Furthermore, their use for the production of films or Moldings and the films and moldings available here found.  

The propene / but-1-ene copolymers according to the invention have at least 80 mol% propene units in the copolymer, preferably 85 to 99.9 mol%, in particular 93 to 99.5 mol%, a melting point T _m less than 145 ° C, preferably less than 143 ° C and a molecular weight distribution M _w / M _n (M _w weight average, M _n number average) less than 2.5, preferably less than 2.3, particularly preferably less than 2.15.

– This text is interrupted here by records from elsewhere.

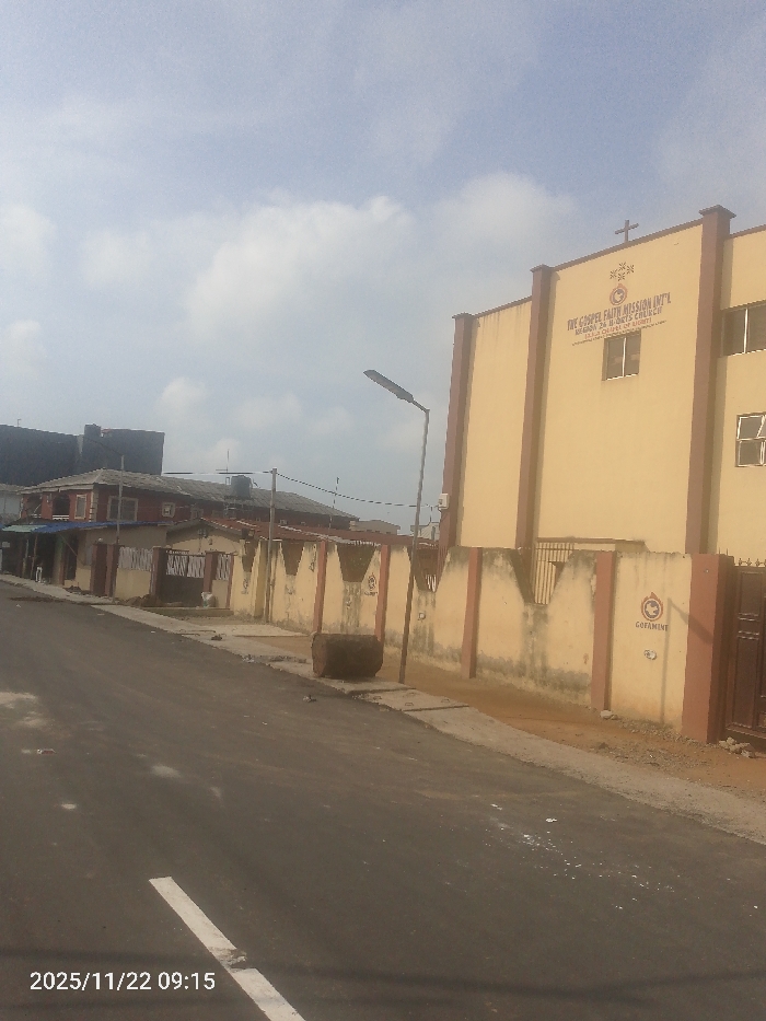 An outdoor urban scene is captured during daylight hours with an overcast sky. The image is taken from a low angle on an asphalt road. A single white horizontal line is painted on the road in the foreground. A timestamp "2025/11/22 09:15" is superimposed on the lower-left corner. The road runs alongside a concrete sidewalk, which abuts a low, painted concrete fence. The fence is yellow with red-brown pillars and coping, and sections feature decorative metal grates. Two circular logos with the text "GOFAMINT" are visible on the fence. A cylindrical wooden log rests horizontally on the sidewalk near a black, pole-mounted streetlamp. Behind the fence, to the right, stands a multi-story building with a light yellow facade and a brown entrance gate. A cross adorns the top of its front wall. A prominent sign on the building reads: "THE GOSPEL FAITH MISSION INT'L" (Gofamint), with smaller text indicating "REGION 26 H.Q. CHURCH" and "IJESHATEDO, OPEBI BRANCH." Multiple rectangular windows are visible on this structure. To the left, beyond the fence and further down the road, several other multi-story buildings of varying designs are visible, some with dark roofs and at least one with a black overhead water tank. Utility poles and overhead wires are present in the background. No individuals are visible in the scene. The location is in the city of Unknown, Unknown.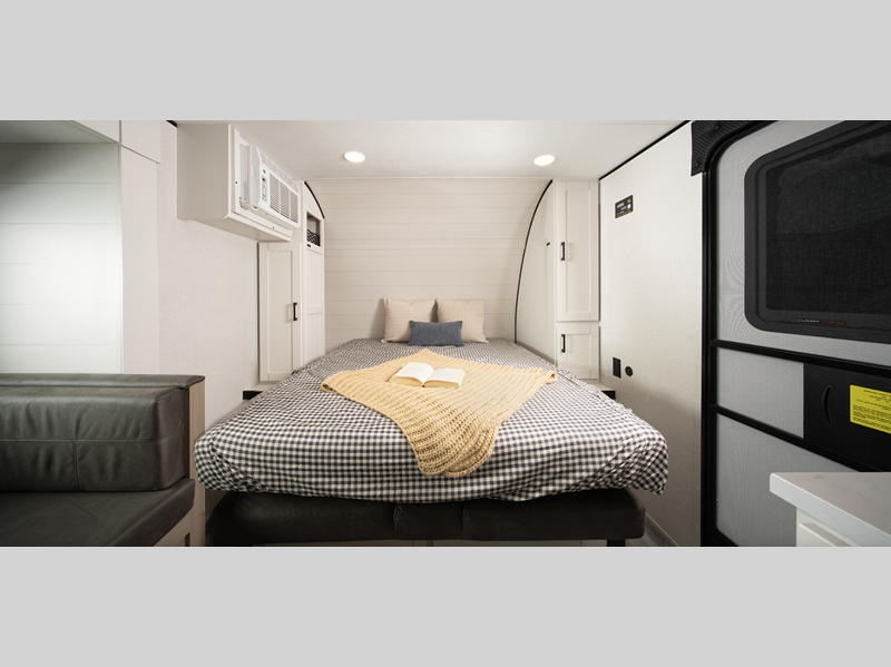 Sleeps 4 Slides 1 Interior Color Country Linen Tire Size ST205/75R14D Furnace BTU 20000 btu Available Beds Queen Refrigerator Type 12V Refrigerator Size 8 cu ft Cooktop Burners 3 Number of Awnings 1 LP Tank Capacity 20 lbs. Water Heater Type On Demand Tankless AC BTU 13500 btu Awning Info 18' Electric with LED Lights Axle Count 2 Number of LP Tanks 2 Shower Type Standard Electrical Service 30 amp Similar Floorplans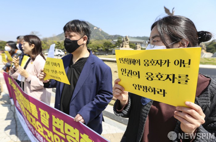 [서울=뉴스핌] 이한결 기자 = 명숙 인권운동네트워크 바람 활동가가 14일 오전 서울 종로구 청와대 분수대 앞에서 인권운동더하기와 차별금지법제정연대에 의해 열린 ‘홍관표 교수 법무부 인권국장 임명 시도 반대 인권단체 기자회견’에서 발언을 하고 있는 가운데 참가자들이 손 팻말을 들고 있다. 2020.04.14 alwaysame@newspim.com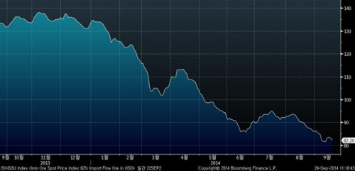 글로벌 철광석 가격이 올 들어 41%나 빠져 5년래 최저치를 기록하는 등 끝없이 추락하고 있다.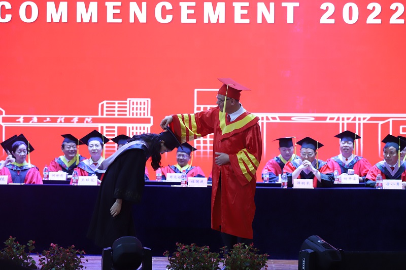 校长桂国庆为2022届本科生代表授位——正冠拨穗、颁发证书、合影留念。毕业生代表周星宏、教师代表汪俊良分别发言。之后,毕业生代表向母校赠送了礼物。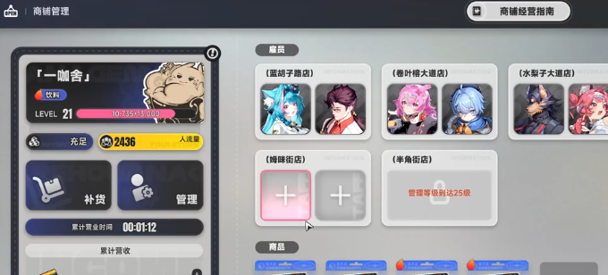 第一天一定要优先开店铺,全力推进主线解锁咖啡店,这就是能够稳定赚钱的渠道。店铺升级的经验还有提取收益是直接挂钩的,收益提取的越多,那么经验上涨的也就更快。没有事情就不如去看一下店铺收益足够升级,那么就可以马上去操作,然后换上高价格的商品,就可以大幅度的加快升级的效率,会拥有源源不断的金币。都是活力,想要更快的赚钱,那建议首先选择刷店长特工1-1关。几十秒就可以获得1200万。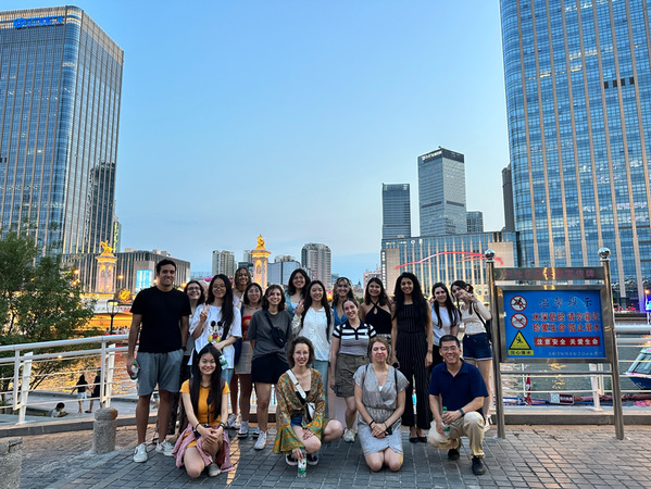 Portuguese students and the teacher take a photo by the Haihe River. [Photo provided to chinadaily.com.cn]

The polymers according to the invention preferably have a solubility in xylene X _L (20 ° C.) of

X _L [94117 _* exp (-0.0793 _* T _m ) - 0.0245] wt%

on, especially from

X _L [542400 _* exp (-0.1 _* T _m ) + 0.5] wt%.

Preferably 70% of the propene diads are in the form of meso-dia the before.

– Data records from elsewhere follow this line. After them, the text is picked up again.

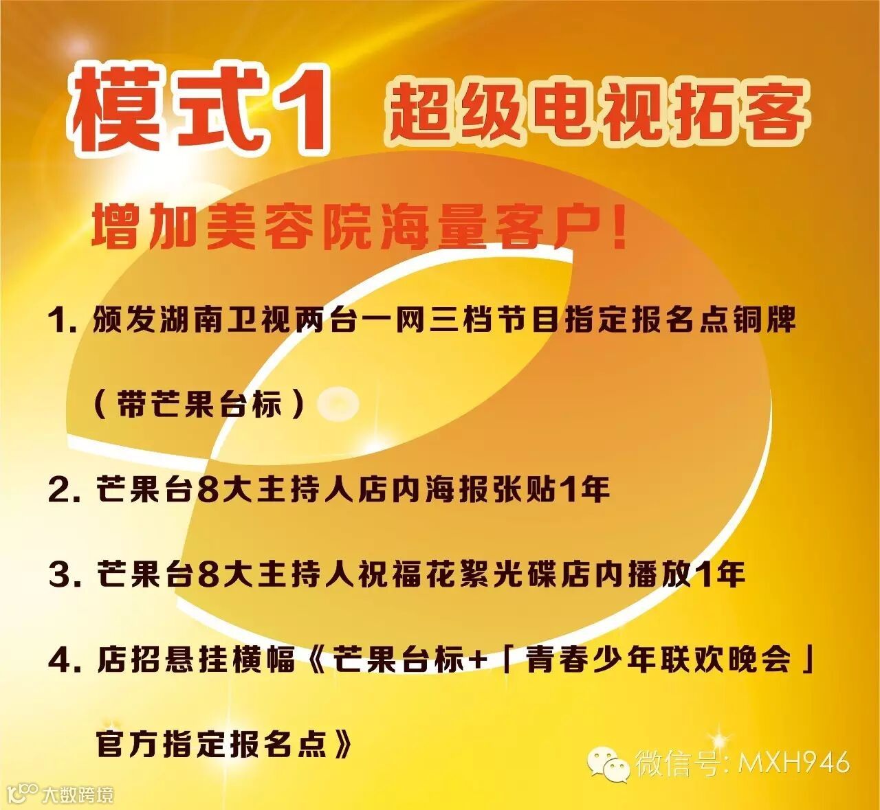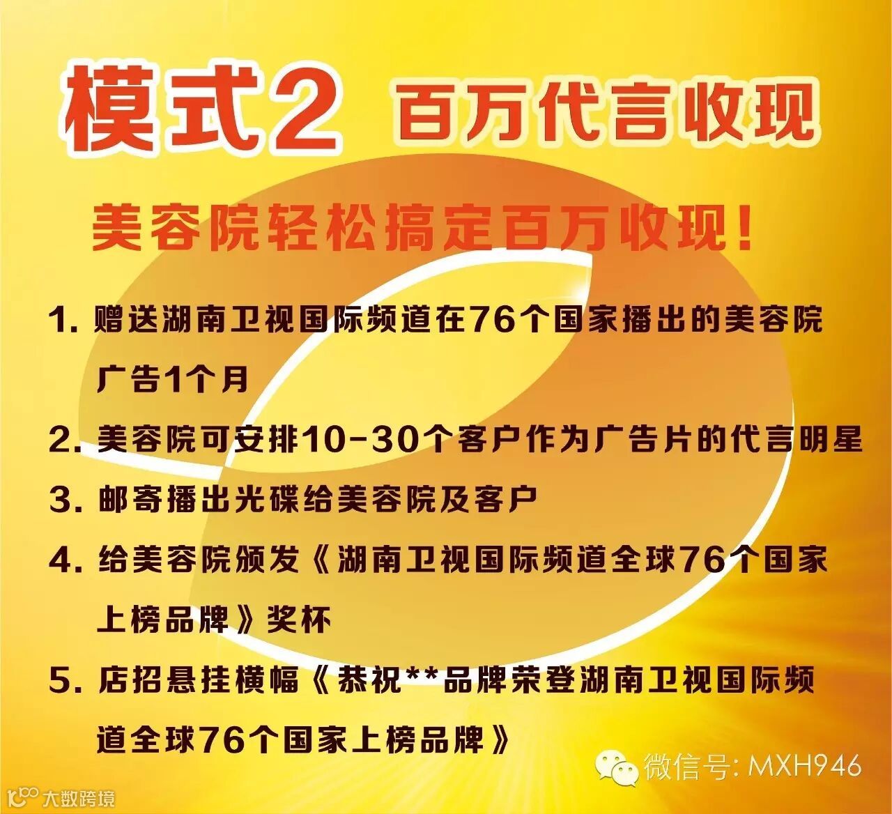 1.赠送湖南卫视国际频道在76个国家播出的美容院广告1个月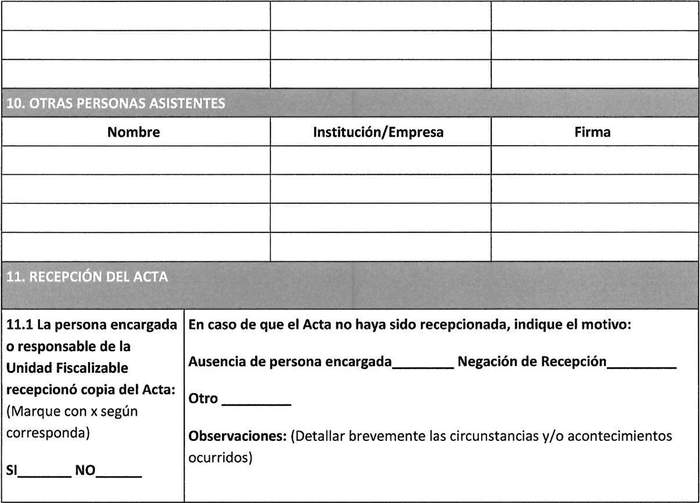 12.1 Recepción del acta por parte de la persona encargada o responsable de la unidad fiscalizable: En este apartado se debe marcar con una "X", la opción que corresponda. En caso de que la persona encargada o responsable de la unidad fiscalizable no reciba la copia del acta de inspección ambiental, se debe marcar con una "X" el motivo por el cual la copia no fue recibida. En el caso de que la persona encargada o responsable se niegue a recibir el acta, se deben detallar las circunstancias y/o acontecimientos ocurridos. En el caso en que no hubiere nadie en el lugar que quiera o pueda recibir el acta al término de la inspección, se dejará constancia de ello en la misma y la Superintendencia la remitirá posteriormente al contacto de la unidad fiscalizable (UF) que figure en sus registros.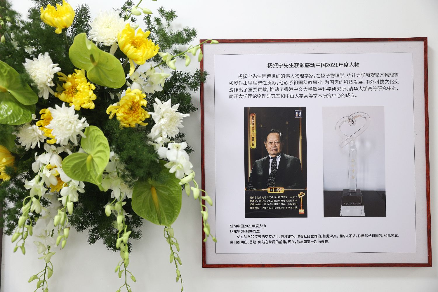 10月18日,清华大学校内设立的缅怀室门口挂着杨振宁先生获颁感动中国2021年度人物的介绍。(图/中新社)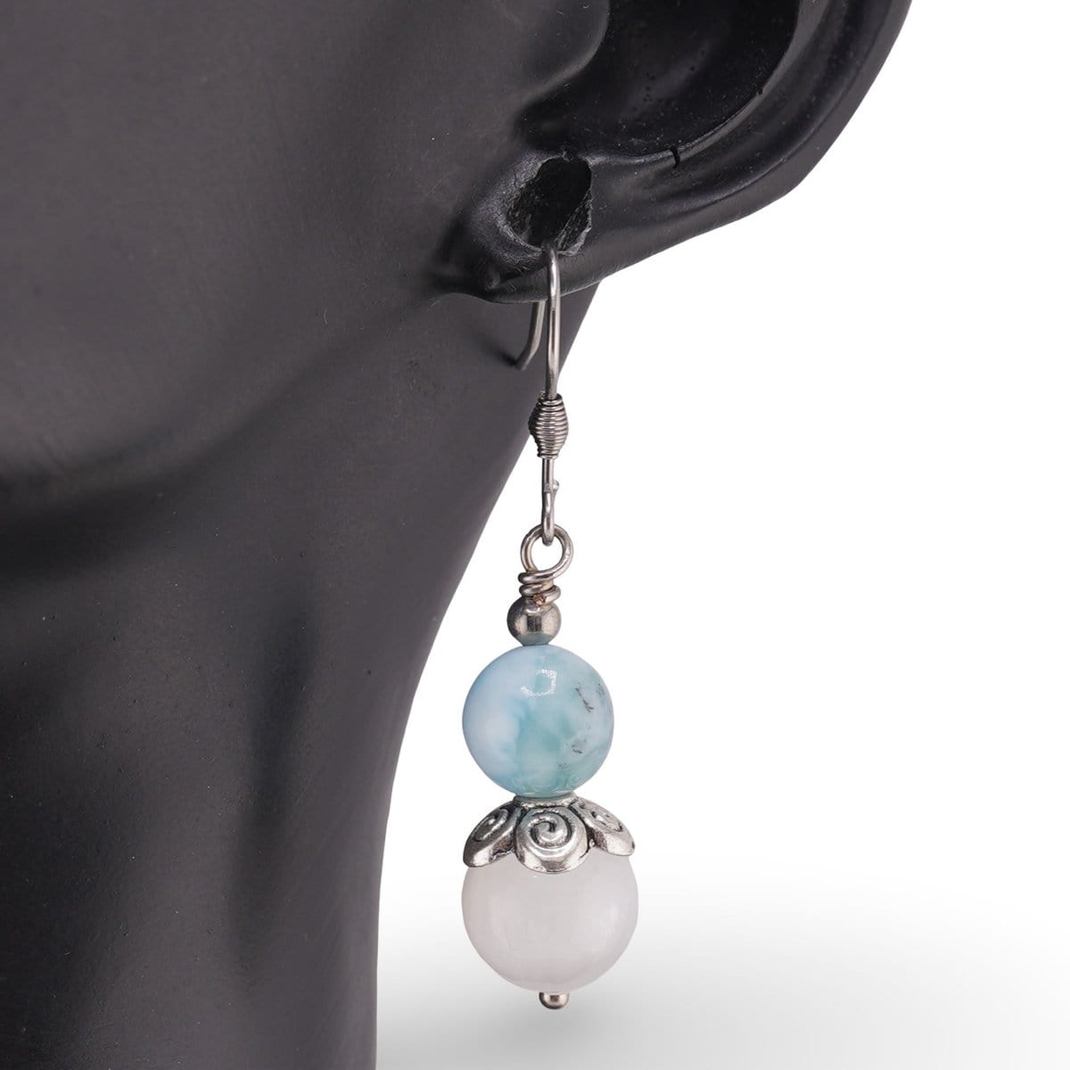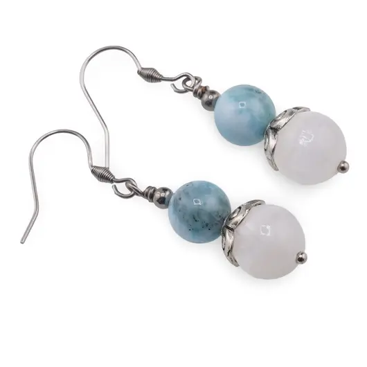 Cercei cu agatatoare Larimar si Selenit sfere cu element floare, 8-10mm

Small amounts of other monomers can be used in the inventive Copolymers may also be present, but preferably not more than 1 mol%, based on the amount of propene used. Suitable here are ethene and higher 1-olefins such as hex-1-ene, Oct-1's and Dec-1's. However, binary propene / But-1-ene copolymers.

The copolymers according to the invention can in the gas phase, in Sus pension, in liquid monomers or in inert solvents getting produced. Suitable as suspension or solvent such as aliphatic and aromatic hydrocarbons fabrics. The copolymers according to the invention are preferred in the Gas phase produced.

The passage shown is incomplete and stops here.